◆ SUPPLIED DATA ◆
....
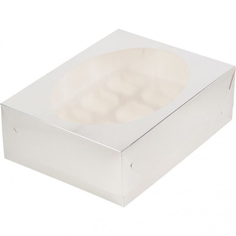 Коробка для капкейков 12 ячеек, белая с окном
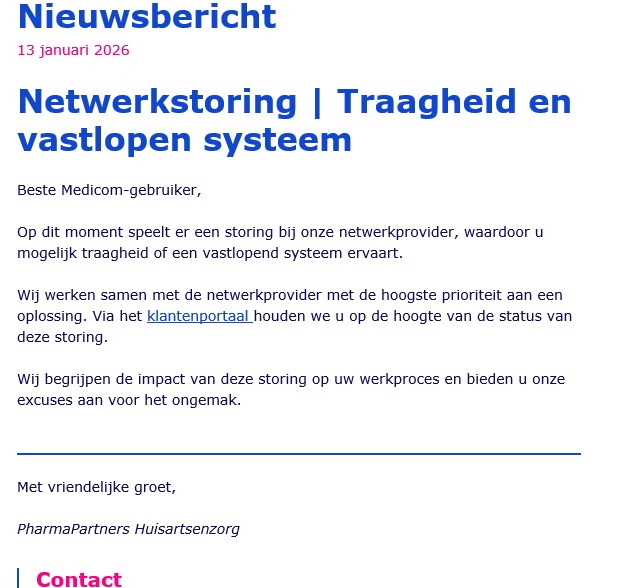 HuisartsInformatieSystemen(HIS-sen) zijn de ICT-basis waarop alle huisartspraktijken in Nederland hun werk doen. Vanmorgen, 13 januari raakten een flink aantal huisartspraktijken, die werken met Medicom(van het bedrijf PharmaPartners) als HIS bij het opstarten verrast door een netwerkstoring bij de netwerkprovider waar Medicom mee draait. Dat betekent dat het Medicom-systeem mogelijk trager dan gebruikelijk werkte of geheel vastliep. Daardoor restte alleen nog maar werken met pen en papier. PharmaPartners lichtte de Medicom gebruikende huisartspraktijken in de loop van de ochtend per email in. HIS-sen vormen tegenwoordig zo’n essentieel onderdeel uit van de dagelijkse praktijkvoering dat elke onderbreking bijzonder grote hinder oplevert. De agendafunctie, het vastleggen van wat er tijdens consulten/visites/telefonisch overleg gebeurt is bij zo’n storing niet meer mogelijk. Het elektronisch voorschrijven door huisartsen met het digitaal versturen van de recepten naar de apotheek valt ook weg.
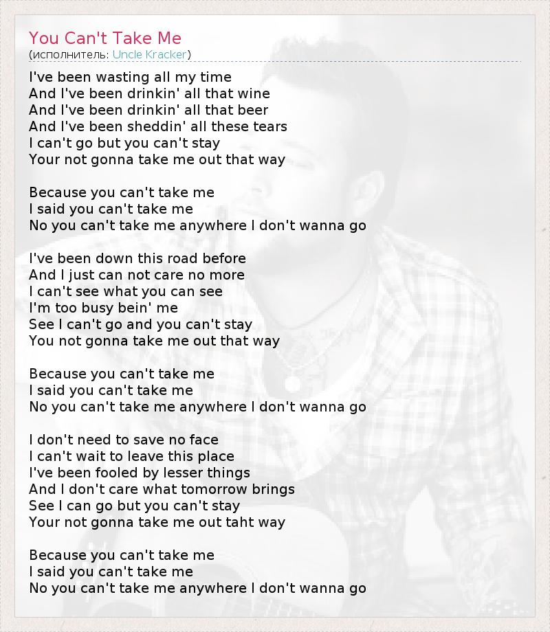 А как ты думаешь, о чем песня "You Can't Take Me" ?
....
Word-for-word transcription: the whole listing, with images excluded.

 Коробка для капкейков 12 ячеек, белая с окном
 HuisartsInformatieSystemen(HIS-sen) zijn de ICT-basis waarop alle huisartspraktijken in Nederland hun werk doen. Vanmorgen, 13 januari raakten een flink aantal huisartspraktijken, die werken met Medicom(van het bedrijf PharmaPartners) als HIS bij het opstarten verrast door een netwerkstoring bij de netwerkprovider waar Medicom mee draait. Dat betekent dat het Medicom-systeem mogelijk trager dan gebruikelijk werkte of geheel vastliep. Daardoor restte alleen nog maar werken met pen en papier. PharmaPartners lichtte de Medicom gebruikende huisartspraktijken in de loop van de ochtend per email in. HIS-sen vormen tegenwoordig zo’n essentieel onderdeel uit van de dagelijkse praktijkvoering dat elke onderbreking bijzonder grote hinder oplevert. De agendafunctie, het vastleggen van wat er tijdens consulten/visites/telefonisch overleg gebeurt is bij zo’n storing niet meer mogelijk. Het elektronisch voorschrijven door huisartsen met het digitaal versturen van de recepten naar de apotheek valt ook weg.
 А как ты думаешь, о чем песня "You Can't Take Me" ?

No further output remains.